I was trusting the process, but I wasn’t fully doing it
wholeheartedly. I knew what I needed to do. I even had a plan laid out and a
meal plan to follow! Why was it so
hard?!? Why couldn’t I just do it like I
did back in 2006.
I do NOT want to be 170 lbs! I want to be in that fit body!
I’ve got to do this!!!
Here’s the thing, even though my weight had gone up I knew I
was getting stronger and I felt like my muscles were growing once again and I
was getting stronger! That was good!
That meant something WAS happening under the skin, under the fat. So my mentor
suggests to me once again I follow the meal plan I had already laid out. If I
did that he felt I should see progress by the end of the week.

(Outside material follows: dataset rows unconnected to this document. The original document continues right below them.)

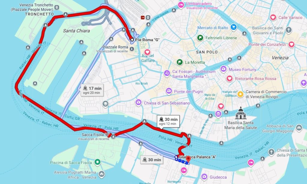 - Take the Line 2 vaporetto, direction Sacca Fisola / San Zaccaria (the line that does not enter the Grand Canal).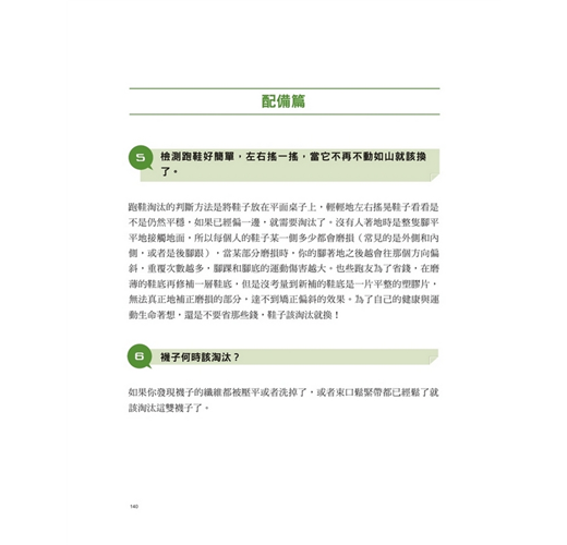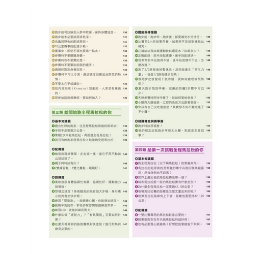 超過300個問題與要訣,郭老師依據「跑者程度」分門別類,再細分為「基本知識篇」「配備篇」、「訓練篇」、「體能與修復篇」、「疑難雜症與賽事篇」,知識與概念部分以文字、照片與圖解為你解惑,訓練部分配合靜態與動態示範要你一目瞭然,郭老師就是你家中的跑步教練!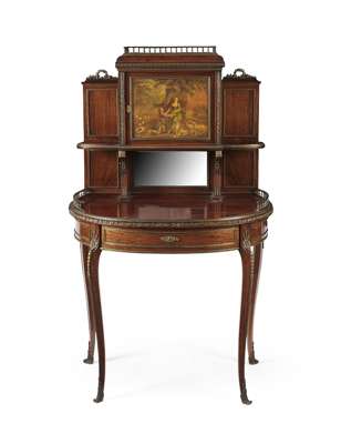 FINE LOUIS XVI STYLE SATINWOOD AND VERNIS MARTIN SECRETAIRE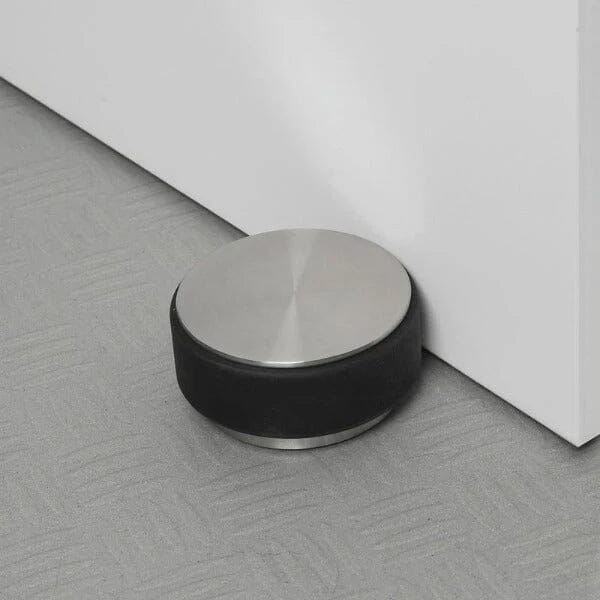 The appropriately named STOP stainless steel door stop by Blomus comes in two sizes and four finishes to both meet your door weight needs and match your decor. Its slip-resistant back meets the door and cushions any impact while its concealed hardware blends this door stop unobtrusively into your design.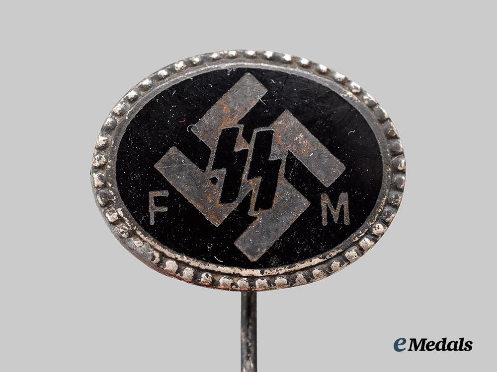 (SS Anstecknadel). Constructed of silvered tombak with black enamels, the obverse consisting of a black enameled oval disc, within a pebbled border, around a central silvered mobile swastika overlaid by double Sig runes, flanked by silver initials “FM” for “Förderndes Mitglied” (“Supporting Member”), the reverse stamped with an illegible identification number beginning with a “K” prefix, maker marked “DESCHLER, MNCHN”, measuring 19.48 mm (w) x 15.18 mm (h), weighing 3.4 grams, the needle has been repaired or re-attached with solder, with additional loss of finish visible to the metal base, in very fine condition.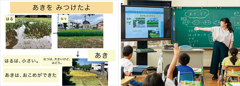 そして今回、[発表ノート]を使って田んぼや木々の四季による違いを示した子どもが複数名いました。これまでは写真フォルダを一生懸命スライドして見せていたけれど、[発表ノート]なら同じページに複数枚の写真を貼り、一度に比較できた。この成功体験は、喜びと自信につながったと思います。

So I mentions this to my boyfriend and I question my ability
to be able to do it, as I hadn’t done it yet so far. His response, “You got this !” And so it was with the belief of both my
mentor and my boyfriend that I set out in my mind that I was gonna do it! I had to do it! I couldn’t let them
down! I couldn’t let myself down!
So I set it in my mind!
I’m doing it! I’m gonna stay on plan!
I’ll make my meals and do it! No
exceptions!
So I come into Friday night and decide to weigh myself! 163…and then again on Saturday morning.
162!!! I take my measurements…dropped an
inch on my hips and 1.5 inches on my waist.
Was this a fluke?! I did I actually lose 8lbs in one
week?!? I weighed myself again on Sunday
morning. 166. Maybe it was just water
weight? Either way, the scale went down
at least 4 lbs and my measurements did go down as well!
Take home points for me this week:
Follow the Plan! It works!
Persist!
Believe in yourself like those close to you believe in you.
When you give wholeheartedly, progress is inevitable.